[Study material — start]

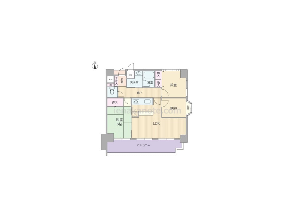 専有面積64.71平米の2SLDK。ワイドスパンのプラン。キッチンはI型・壁付けタイプで、作業時に便利なカウンター付き。和室6帖は室内廊下とLDKの2カ所から出入りが可能です。洋室はガラスブロックが用いられ、室内にはやわらかな光が入ります。納戸は居室としても利用できますが、収納スペースが無いため収納家具を置くなど少し工夫が必要。バルコニーは約12.23平米の広さがあり、ガーデニングを楽しむのにぴったりです。
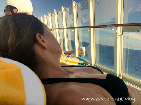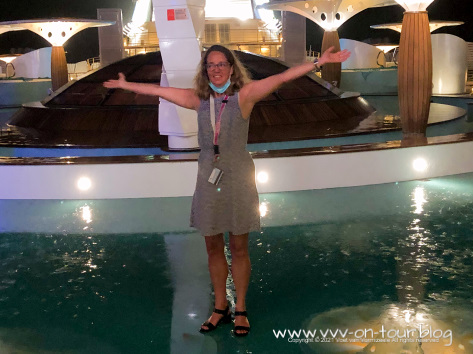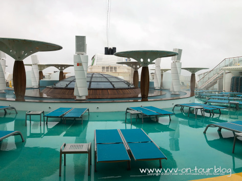 Oh, ist es heiß heute – noch wärmer als sonst mit hoher Luftfeuchtigkeit und viel Sonne. Da wird man auf dem Pooldeck wirklich gebraten. Nach ausgiebigem Bad im Pool wird Abkühlung auf Deck 5 gesucht und gefunden.
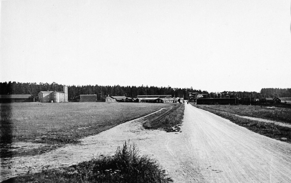 Landsvägen från Malmslätt. Vy mot söder och Centrala flygverkstäderna Malmslätt. Omkring 1930.
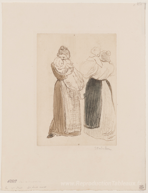 Nous vous proposons une reproduction artisanale sur toile du célèbre tableau 'Les Deux Meres' de Theophile Steinlen, provenant du Musée de la Reproduction.
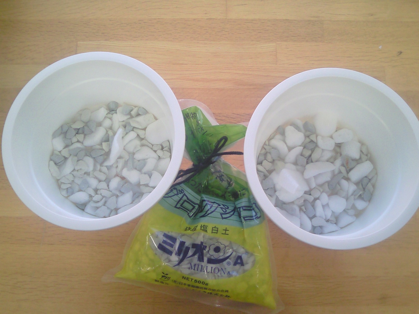 最初にミリオンAを鉢底に少々しいた。これで一応根腐れ防止のはず・・・裏技でもあるけど・・・・
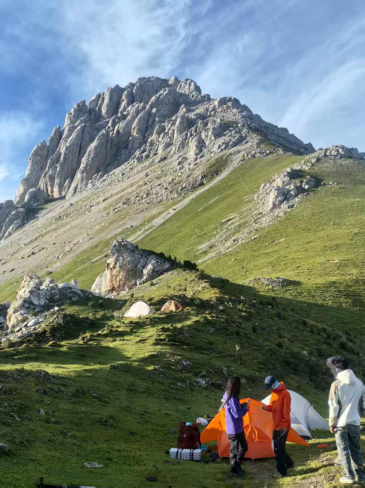 这次在川西呆半个月,和朋友去山里开了一条新的高海拔徒步路线开线意味着未知的探索,靠自己对地形的理解判断摸索出一条新的路非常感谢队里的大哥,这次开线一共五个人,安全出山了,感谢大山的接纳轨迹已经投两步路啦第一天走完我还说这个线有一点难度但不大,第二天我真尖叫了觉得这线有难度第二天需要倒攀以及下坡大量30-40度倾斜碎石坡

[Study material — finish]

Exercise aim. Retype the entries exactly, skipping every picture.

Answer to the problem.
 専有面積64.71平米の2SLDK。ワイドスパンのプラン。キッチンはI型・壁付けタイプで、作業時に便利なカウンター付き。和室6帖は室内廊下とLDKの2カ所から出入りが可能です。洋室はガラスブロックが用いられ、室内にはやわらかな光が入ります。納戸は居室としても利用できますが、収納スペースが無いため収納家具を置くなど少し工夫が必要。バルコニーは約12.23平米の広さがあり、ガーデニングを楽しむのにぴったりです。
 Oh, ist es heiß heute – noch wärmer als sonst mit hoher Luftfeuchtigkeit und viel Sonne. Da wird man auf dem Pooldeck wirklich gebraten. Nach ausgiebigem Bad im Pool wird Abkühlung auf Deck 5 gesucht und gefunden.
 Landsvägen från Malmslätt. Vy mot söder och Centrala flygverkstäderna Malmslätt. Omkring 1930.
 Nous vous proposons une reproduction artisanale sur toile du célèbre tableau 'Les Deux Meres' de Theophile Steinlen, provenant du Musée de la Reproduction.
 最初にミリオンAを鉢底に少々しいた。これで一応根腐れ防止のはず・・・裏技でもあるけど・・・・
 这次在川西呆半个月,和朋友去山里开了一条新的高海拔徒步路线开线意味着未知的探索,靠自己对地形的理解判断摸索出一条新的路非常感谢队里的大哥,这次开线一共五个人,安全出山了,感谢大山的接纳轨迹已经投两步路啦第一天走完我还说这个线有一点难度但不大,第二天我真尖叫了觉得这线有难度第二天需要倒攀以及下坡大量30-40度倾斜碎石坡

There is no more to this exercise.